__Work to complete__: From the records below, print only the part that opens with the line containing "Wie bei der" and closes with the line containing "рискует быть придушенным."; omit the pictures.

__Given information__:
____
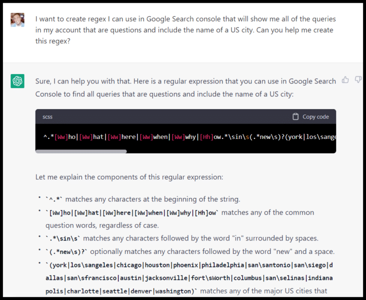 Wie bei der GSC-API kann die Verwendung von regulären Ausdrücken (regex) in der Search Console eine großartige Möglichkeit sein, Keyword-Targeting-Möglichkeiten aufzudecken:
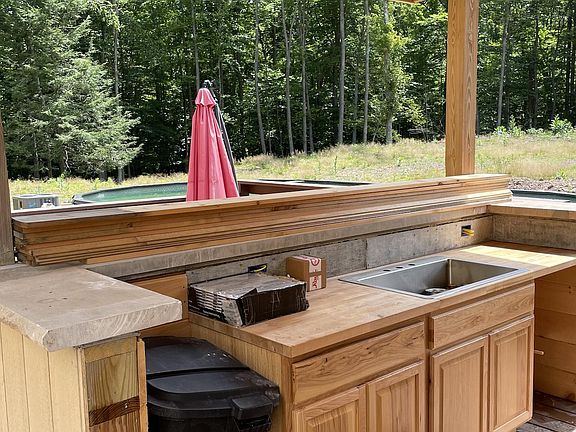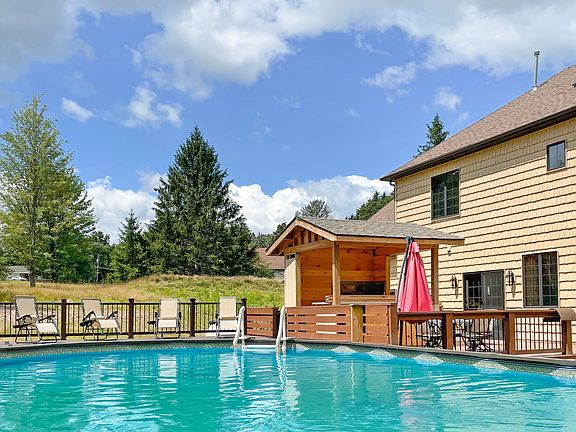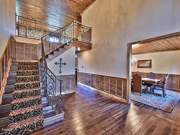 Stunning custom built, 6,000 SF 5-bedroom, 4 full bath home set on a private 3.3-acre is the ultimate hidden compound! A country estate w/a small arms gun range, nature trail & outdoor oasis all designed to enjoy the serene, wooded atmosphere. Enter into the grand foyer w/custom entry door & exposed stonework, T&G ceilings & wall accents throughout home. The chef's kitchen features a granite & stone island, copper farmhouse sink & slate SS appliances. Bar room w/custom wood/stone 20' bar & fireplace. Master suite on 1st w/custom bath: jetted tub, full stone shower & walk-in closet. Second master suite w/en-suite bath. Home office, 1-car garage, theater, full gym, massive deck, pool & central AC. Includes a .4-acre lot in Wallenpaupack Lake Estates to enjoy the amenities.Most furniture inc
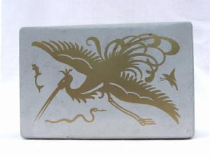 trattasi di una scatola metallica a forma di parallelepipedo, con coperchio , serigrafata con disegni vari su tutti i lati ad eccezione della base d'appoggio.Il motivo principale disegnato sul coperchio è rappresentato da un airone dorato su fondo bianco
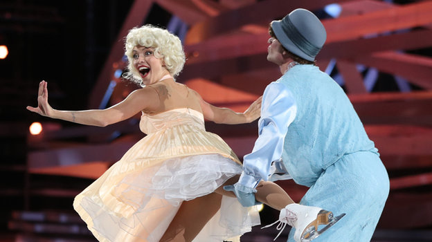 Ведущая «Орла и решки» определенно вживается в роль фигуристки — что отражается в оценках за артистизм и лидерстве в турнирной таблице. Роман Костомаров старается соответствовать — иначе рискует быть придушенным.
____
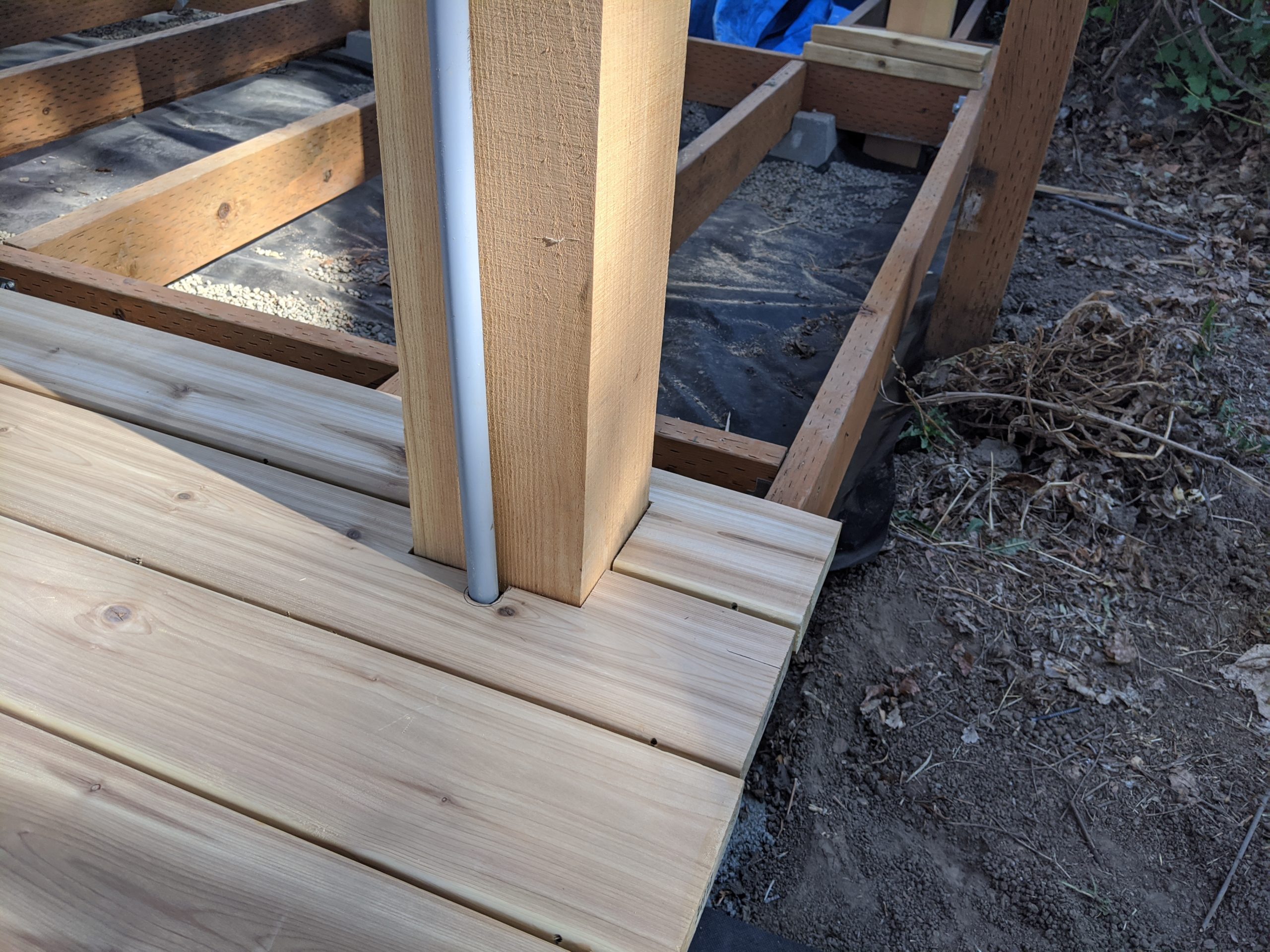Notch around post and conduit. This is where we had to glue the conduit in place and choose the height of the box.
____
__Response area__:
 Wie bei der GSC-API kann die Verwendung von regulären Ausdrücken (regex) in der Search Console eine großartige Möglichkeit sein, Keyword-Targeting-Möglichkeiten aufzudecken:
 Stunning custom built, 6,000 SF 5-bedroom, 4 full bath home set on a private 3.3-acre is the ultimate hidden compound! A country estate w/a small arms gun range, nature trail & outdoor oasis all designed to enjoy the serene, wooded atmosphere. Enter into the grand foyer w/custom entry door & exposed stonework, T&G ceilings & wall accents throughout home. The chef's kitchen features a granite & stone island, copper farmhouse sink & slate SS appliances. Bar room w/custom wood/stone 20' bar & fireplace. Master suite on 1st w/custom bath: jetted tub, full stone shower & walk-in closet. Second master suite w/en-suite bath. Home office, 1-car garage, theater, full gym, massive deck, pool & central AC. Includes a .4-acre lot in Wallenpaupack Lake Estates to enjoy the amenities.Most furniture inc
 trattasi di una scatola metallica a forma di parallelepipedo, con coperchio , serigrafata con disegni vari su tutti i lati ad eccezione della base d'appoggio.Il motivo principale disegnato sul coperchio è rappresentato da un airone dorato su fondo bianco
 Ведущая «Орла и решки» определенно вживается в роль фигуристки — что отражается в оценках за артистизм и лидерстве в турнирной таблице. Роман Костомаров старается соответствовать — иначе рискует быть придушенным.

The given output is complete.